Con un provvedimento dello scorso 11 aprile, il Garante per la protezione dei dati personali è tornato a pronunciarsi in materia di telemarketing indesiderato ed ha irrogato nei confronti di Vincall S.r.l., società che svolge servizi di telemarketing e teleselling per conto di diversi committenti, una sanzione esemplare per circa 2 milioni di euro.

Alla base della vicenda, un’operazione commerciale promossa da Edison Energia S.p.a. e attuata tramite la società Green Power S.p.a., sua agente di vendita, finalizzata alla ricerca di nuovi clienti interessati a sottoscrivere contratti di fornitura di energia e gas con la stessa Edison. In particolare, Green Power aveva incaricato la società Vincall di contattare telefonicamente potenziali clienti per verificarne la disponibilità a concludere contratti di fornitura con Edison. Vincall, a sua volta, aveva delegato tale attività alla società albanese Tele It che, tuttavia, contattava gli utenti utilizzando le numerazioni telefoniche contenute nelle proprie liste e, quindi, senza che la lista contatti fosse stata preventivamente fornita o validata dalle tre società coinvolte nell’attività promozionale (Edison, Green Power e Vincall). Una volta ottenuta la disponibilità degli utenti, Tele It trasmetteva i dati dei neoclienti a Vincall, che li ricontattava successivamente per chiedere conferma della volontà di concludere il contratto. In caso di riscontro positivo, Vincall provvedeva direttamente a compilare i moduli cartacei (sprovvisti di qualsiasi sottoscrizione del cliente), apponendo una sigla in calce. I contratti venivano così inviati a Green Power per il successivo inoltro a Edison.

Al termine dell’accertamento ispettivo svolto in seguito alle segnalazioni di numerosi utenti, il Nucleo Speciale Privacy della Guardia di Finanza ha a contestato a Vincall la violazione del Codice in materia di protezione dei dati personali (d. lgs 196/2003, o “Codice Privacy”) – applicabile ratione temporis alla fattispecie – per non aver reso agli interessati un’idonea informativa per i contatti telefonici attuati tramite il proprio call center e per non aver acquisito il consenso dagli interessati per la raccolta ed il trattamento dei dati a fini di marketing.

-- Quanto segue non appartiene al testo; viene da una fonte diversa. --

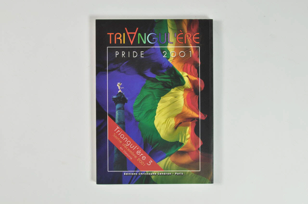 Livre abondamment illustré avec des photos couleur pleine page. Couverture sur fond noir avec montage photographique. Cadre central surplombé du titre de la revue en caractères arc-en-ciel : "Triangul'ère" (le "A" en rose, à l'envers). Le montage représente la tour Eiffel, des manifestant dansant avec des drapeaux arc-en-ciel, la colonne de la place de la Bastille à Paris, le tout fondu dans un grand drapeau arc-en-ciel flottant. Inscription "Pride 2001" en partie supérieure du cadre. En partie inférieure "Editions Christophe Gendron - Paris". 4ème de couverture relativement similaire (uniquement le drapeau et la colonne de la Bastille). Cadre coupé d'un beandeau rouge avec inscription "Triangul'ère 3. Sortie décembre 2001 en librairie". La revue est numérotée 2 1/2 sur la tranche. A l'intérieur, la revue commence à la page 578, avant le sommaire par une série de pages publicitaires sur double pages : champagne, Virgin Mega Store, site internet. Pages de titre : "Nos années Pride. photo couleur sur 2 pages : Gay pride 1999. on voit Lang et Delanoë p. 590-591 Sommaire p. 592 à 594 Photos noir et blanc de gays pride 1977, 1981, 1988, 1992, 1996, 1997, 1998, 2000. p. 595-598 René Lalement : Lesbian et Gay Pride IDF p. 599 Charles Myara Sofiged LGP-IDF 2001 (Société Financière de Gestion de Droits) p. 602-3 Photo double page : 1997 char "iem" place de la Bastille p. 604-5 Christian Dubs. Interpride 2001 p. 606-7 Photo double page : 1995 Minute de silence place de la Bastille p. 608 et 609 Cartes du CRIPS (préservatif) p. 610-616 Michael Sibalis : L'histoire d'une Gay Pride 1977-2001 (photo noir et blanc de Gay Pride Sidaïque 1987 Palais Royal et 1991) p. 617-620 Photos pleine page publicités librairie, bars p. 621 à 640 Photos couleurs de gay prides : 1996 : rue du Faubourg Saint Anoine, et détail / 1996 : soirée finale à Bercy et détails, / 1992 Pom pom girls d'Act Up et photo banderole "Fières" (dans collecte) / 1989 Les majorettes du Quetzal place de la Bastille (et détails) / 1993 Marie-Madeleine en chemin de croix place de la République / 1986 les CRS : photo noir et blanc et 1995 détail couleur / 2000 char "asmf" Bd St Germain et détail / 1995 Soeur de la perpétielle indulgence et diable / 1990 Quelques banderoles associatives / 1995 p. 641 à 649 Doubles pages couleur publicitaires : vêtements, librairie, bars p. 650-653 expositions de photos noir et blanc d'Orion Delain : Le temps d'un regard (exposition Europride 1997 Paris) (photos de personnalités fondatrices des mouvements gaylesbien) p. 654-5 Photo : réunion-débat Lesbian & gay Pride, bar du duplex, 17 juin 1991 sur "le sida et notre quotidien" p. 656-661 Jean Le Bitoux . Mémorial de la déportation homosexuelle. Avec double page de photos du dépôt de la gerbe à Paris, le 29 avril 2001, en mémoire des déportés homosexuels par les nazis p. 662-663 Nathalie Rubel. Coordination lesbienne nationale p. 664-667 Christine Le Doaré : SOS Homophobie avec photo double page noir et blanc de la banderole de l'association à la Gay Pride 2000 p. 668-9 Denis Quinqueton : Pacs et coetera p. 670-671 Double page photo couleur Carré de tête à la Lesbian & Gay Pride 1999 p. 672-673 François Vauglin Homosexualités et socialisme p. 674 Yannis Delmas : Les gais et lesbiennes branchés p. 675 Manuel F. Picaud : CGPIF. Fédération sportive gaie et lesbienne p. 676-7 Photo double page : 1990 Compétition aquatique durant la semaine Gay pride p. 678 Eric Dubreuil et Martine Gross : APGL. Association des parents et futurs parents gays et lesbiens p. 679 Rose Cosson : Contact. Parents et amis homos p. 680-1 Photo double page : 1998 Arrivée Place de la Nation (banderole : "collectif des homos sans papiers" p. 682-3 Rodriguez Guilhermo et Lionel Povert : ARDHIS. Association pour les droits des homosexuels p. 684 Rémi Rouyer : Les Gais musette p. 685 Jacques Lemonnier Les Gais retraités p. 686 Jean Thébaud Amnesty international. Commission homosexualités et droits humains p. 687 Olivier Rouchon : centre gai et lesbien p. 688-689 1996. Ambiance torride sur le char du Banana p. 690. Christophe Le Gall : ACGLSF. Association culturelle des Gais et Lesbiennes sourds de France p. 691 Philippe Berthelot : GAGE. Etudiant(e)s Gai(e)s p. 692 Norbert Wolgust Beit H'averim p. 693 Christian Nicolas David et Jopnathan . Homos chrétiens p. 694-696 Jean-Yves Le Talec : Les Soeurs de la Perpétuelle Indulgence, précédé de deux pages de photos couleur : 1992 p. 697 Vincent Blanchard : MAG Jeunes Gais et Lesbiennes p. 698 Cyril Girard : AHTP. Association homosexuelle des transports parisiens p.699 Jean-François Fiévet : GARE. Les Gays et Lesbiennes du Rail p. 700-703 Christian Saout : AIDES, précédé de deux pleines pages photo couleur : 1998 Boulevard Saint Germain : banderole :"Aides remercie le personnel soignant pour le soutien apporté aux malades du sida" / char avec ruban rouge p. 704-705 Double page photo couleur "VLS Vaincre le sida" 1995 p. 706 Didier Folus : Ecoute gaie p. 707-9 Didier Jayle : CRIPS. Centre régional d'information et de prévention sur le sida avec deux pleines pages de photo couleur de cate du CRIPs avec préservatifs p. 710-712. Emmanuelle Cosse et Arlindo Constantino. Act Up Paris (responsabilisation des homosexuels) précédé de deux pleines pages de photos d'Act up à la Gay Pride 1990 avec "miss Act Up" p. 713 René-Paul Leraton : Ligne Azur p. 714 Nathalie Magnan, David Dibilio et Florence Fradelizi : Festival de films gays et lesbiens de Paris p. 715 Edna Castello : Cineffable. Festival de films lesbiens. p. 716 Vincent Dariosecq : CGAY Les gays et lesbiennes de Canal + p. 717 Jean-François Chassagne : SNEG. Syndicat national des entreprises gaies p. 718-723 Photos couleur publicitaires pleine page : bars, restaurants, revue, europride, agence de communication p. 724 Fabienne Larrivière : Montpellier. San Francisco française (visibilité gaie dans toute la ville) p. 725

Vincall si è difesa sostenendo che il proprio ruolo si limitava ad una verifica della documentazione inoltratale da Tele It, mentre i contratti cartacei sarebbero stati compilati direttamente da quest’ultima, cui andavano di conseguenza addebitate le contestazioni. Tuttavia, al di là della poca chiarezza circa i modi e i tempi di tale trasmissione, il Garante ha osservato che la ricostruzione dei fatti proposta da Vincall confliggeva con il contenuto delle testimonianze acquisite durante l’accertamento ispettivo svolto dalla Guardia di Finanza e ha quindi concluso che l’obbligo di fornire un’informativa adeguata, nonché di acquisire un valido consenso per la raccolta ed il trattamento dei dati a fini di marketing, gravava in capo a Vincall. Vincall, infatti, nell’ambito dell’attività di sua competenza (ovvero nel ricontattare i clienti per ottenere conferma dell’adesione), aveva operato in assenza di specifiche designazioni a responsabile del trattamento, agendo così come autonomo titolare del trattamento che avrebbe dovuto acquisire il consenso scritto degli interessati – circostanza tuttavia non verificatasi. Inoltre, il quadro fattuale emerso dalle indagini ha dimostrato chiaramente che i neoclienti non avevano avuto alcuna possibilità di acquisire l’informativa né tramite i moduli cartacei (che non venivano somministrati), né tramite comunicazione telefonica.

L’esemplare sanzione irrogata dal Garante ha dunque trovato fondamento nella particolare gravità del fatto, rispetto a cui l’Autorità stessa ha osservato che “le condotte risultano essere state poste in essere in un quadro di marcato disinteresse della complessiva normativa in materia di protezione dei dati personali e di superficiale sottovalutazione delle gravi implicazioni derivanti dall’utilizzo di forme di acquisizione della clientela improntate all’informalità e alla unilaterale semplificazione del quadro degli adempimenti formali prescritti dalla normativa”.